Here is how it works. Let's say you buy a 90-day Treasury Bill that pays an annual rate of 1 per cent, but inflation comes in at 0.8 per cent (as it did in December). That means your interest gains are almost totally wiped out (1 per cent less 0.8 per cent, leaves you with 0.2 per cent in interest, near zero).

Now let's say core inflation hits the Bank of Canada's 2.0 per cent mid-point target. If that happens, those who buy bonds will actually lose money (1 per cent of interest, less 2.0 per cent inflation). It gets worse, because our example does not include the taxes that many Canadians pay on their interest income.

Financial repression
Economists call the negative interest rate policies run by governments "financial repression," because they penalize savers who manage their money well and they bail out borrowers and spenders.
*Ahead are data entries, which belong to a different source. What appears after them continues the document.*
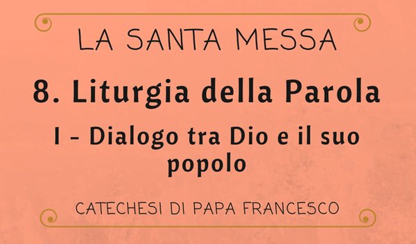 Continuiamo oggi le catechesi sulla Santa Messa. Dopo esserci soffermati sui riti d’introduzione, consideriamo ora la Liturgia della Parola, che è una parte costitutiva perché ci raduniamo proprio per ascoltare quello che Dio ha fatto e intende ancora fare per noi. È un’esperienza che avviene “in diretta” e non per sentito dire, perché «quando nella Chiesa si legge la sacra Scrittura, Dio stesso parla al suo popolo e Cristo, presente nella parola, annunzia il Vangelo» (Ordinamento Generale del Messale Romano, 29; cfr Cost. Sacrosanctum Concilium, 7; 33). E quante volte, mentre viene letta la Parola di Dio, si commenta: “Guarda quello…, guarda quella…, guarda il cappello che ha portato quella: è ridicolo…”. E si cominciano a fare dei commenti. Non è vero? Si devono fare dei commenti mentre si legge la Parola di Dio? [rispondono: “No!”]. No, perché se tu fai delle chiacchiere con la gente non ascolti la Parola di Dio. Quando si legge la Parola di Dio nella Bibbia – la prima Lettura, la seconda, il Salmo responsoriale e il Vangelo – dobbiamo ascoltare, aprire il cuore, perché è Dio stesso che ci parla e non pensare ad altre cose o parlare di altre cose. Capito?... Vi spiegherò che cosa succede in questa Liturgia della Parola.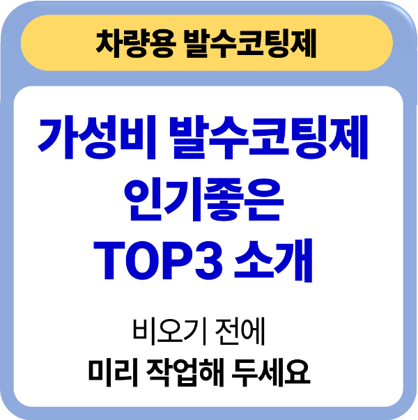 운전중 갑자기 내리는 비 때문에 시야확보가 되지 않는 경험이 있으실 겁니다. 특히 비오는 야간에는 정말 차선조차 보이지 않아서 사고의 위험이 배로 증가하게 되는데요, 평소 앞유리와 사이드미러에 방수코팅 작업을 해놓으시면 이런 사고를 예방하실 수 있습니다. 시중에 나와 있는 가성비 최고의 TOP3 발수코팅제를 소개해 드릴테니 발수 코팅제 선택에 참고하시기 바랍니다.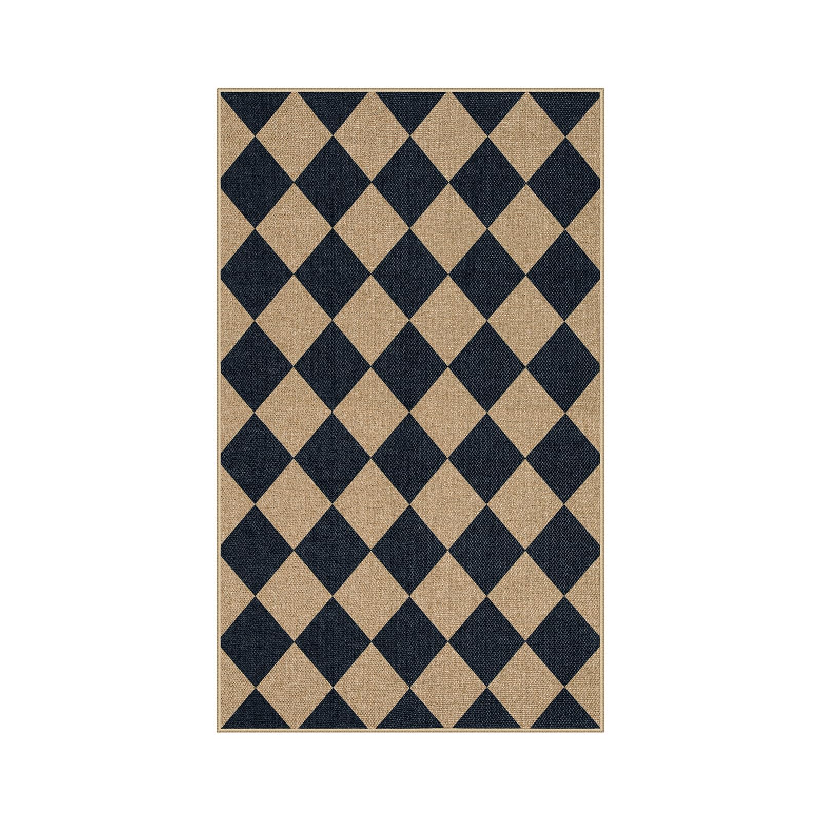 Lahome Checkered Easy Jute 3x5 Outdoor Patio Rug, Washable Rugs for Entryway Diamond Indoor Outdoor Living Room Carpet, Farmhouse Neutral Non Slip Black Door Carpet for Backyard Bedroom
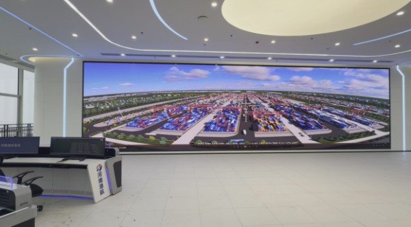 周口港小集作业区一期信息化项目总工闫初说:“现在10楼操控台已经安装完毕,LED大屏已完成安装与调试,操作台TOS生产管理系统都已经部署完成,控制中心的硬件支撑体系与信号传输网络已搭建就绪,具备开展后续业务对接与指挥调度的基础条件。”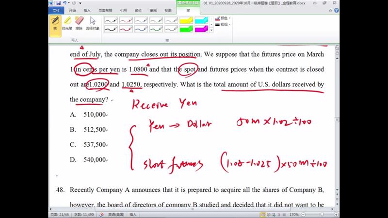 老师,您好,47题问的total amount received 的时点是什么?默认7月末吗?另外在计算short future的payoff只考虑的期初到期末的期货价值的差,为什么没有考虑期货实际交割的头寸?感谢老师讲解一下

That said, there are signs that financial repression is going to become increasingly widespread in the coming years. Money printing and low interest rates are like a "sugar high" for athletes: They boost temporary performance, but they don't build the muscle and skills that are needed to compete over the long-term. Worse, not only are sugar highs hard to stop, it takes more and more sugar to keep getting the same high.

The good news is that Canadians are luckier than most. The country has vast natural resources, such as the Alberta tar sands, gold mines throughout Quebec and Ontario and potash in Saskatchewan, which are wanted the world over. These will go along way towards alleviating the pain that many other countries will feel when the effect of the sugar high starts to wear off.